The Act does not define what constitutes a significant interest; however, the Merger Enforcement Guidelines (MEGs) qualitatively define significant interest as the ability to materially influence the economic behaviour of another entity.
Typically, the Bureau considers significant interest in the context of partial cross-ownership; however, partial cross-ownership is not necessary for a significant interest to exist. Other considerations include, for example, supply and distribution arrangements that are not ordinary course transactions and that confer the ability to materially influence the economic behaviour of another company’s business.
3. Remedial Action
To address the harm to competition that would arise from the Proposed Transaction, pursuant to the Consent Agreement registered with the Competition Tribunal on November 19, 2021, Paper Excellence is required to sell the Kamloops Mill to an independent purchaser to be approved by the Commissioner. The Kamloops Mill is a state of the art NBSK and unbleached softwood kraft pulp production facility.

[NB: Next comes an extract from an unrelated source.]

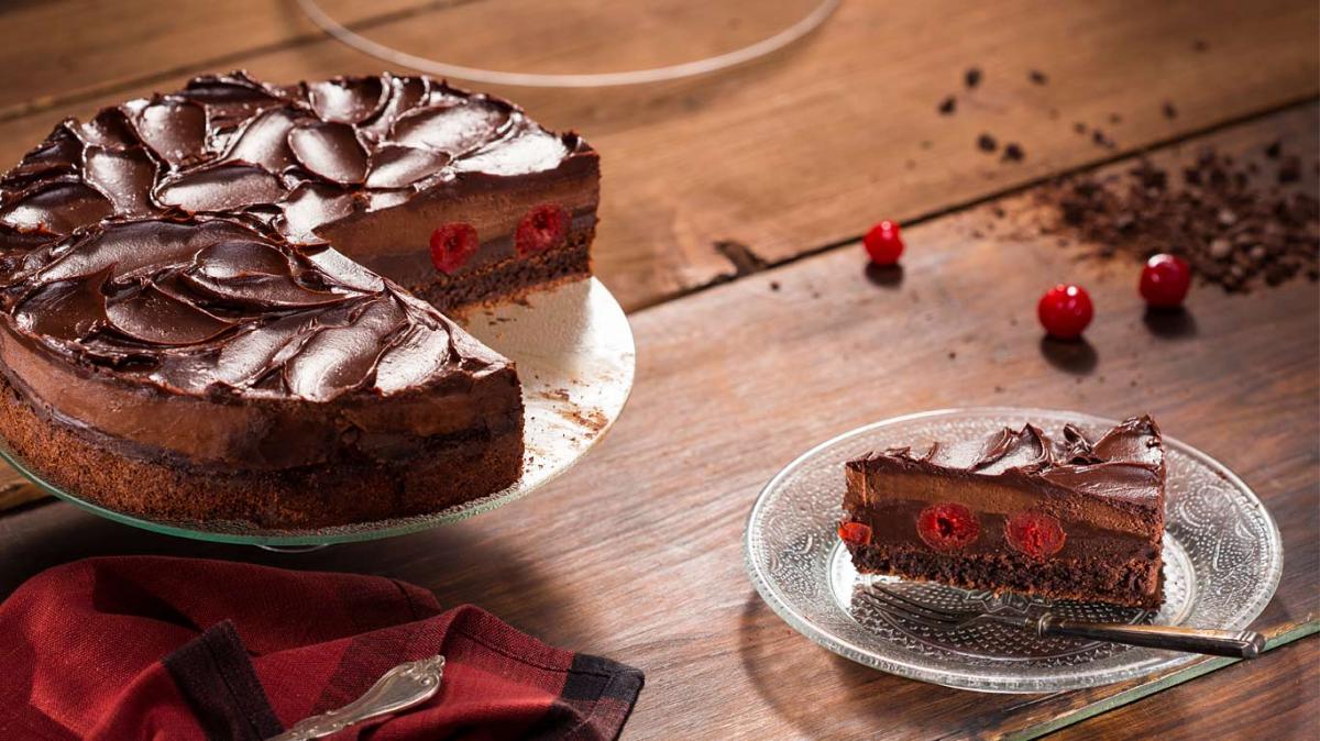 180 г шоколад (85% какао) се разтопява, охлажда се леко, смесва се с 250 мл от сметаната и се добавя към яйчената смес. Мусът се разпределя върху ганаша с череши и тортата отново се прибира в хладилник, за да стегне.

It has an annual rated capacity of 408,000 air dried metric tons of pulp production and employs approximately 350 people.
The Consent Agreement also requires that Paper Excellence hold the Kamloops Mill separate from the rest of its organization until the sale of the mill has been completed.
The Commissioner is satisfied that the sale of the Kamloops Mill to an independent purchaser will resolve the substantial lessening of competition for the purchase of wood fibre from the Thompson/Okanagan region.
This publication is not a legal document. The Bureau’s findings, as reflected in this Position Statement, are not findings of fact or law that have been tested before a tribunal or court. Further, the contents of this Position Statement do not indicate findings of unlawful conduct by any party.
However, in an effort to further enhance its communication and transparency with stakeholders, the Bureau may publicly communicate the results of certain investigations, inquiries and merger reviews by way of a Position Statement. In the case of a merger review, Position Statements briefly describe the Bureau's analysis of a particular proposed transaction and summarize its main findings. The Bureau also publishes Position Statements summarizing the results of certain investigations, inquiries and reviews conducted under the Competition Act. Readers should exercise caution in interpreting the Bureau’s assessment. Enforcement decisions are made on a case‑by‑case basis and the conclusions discussed in the Position Statement are specific to the present matter and are not binding on the Commissioner of Competition.
The Competition Bureau, as an independent law enforcement agency, ensures that Canadian businesses and consumers prosper in a competitive and innovative marketplace.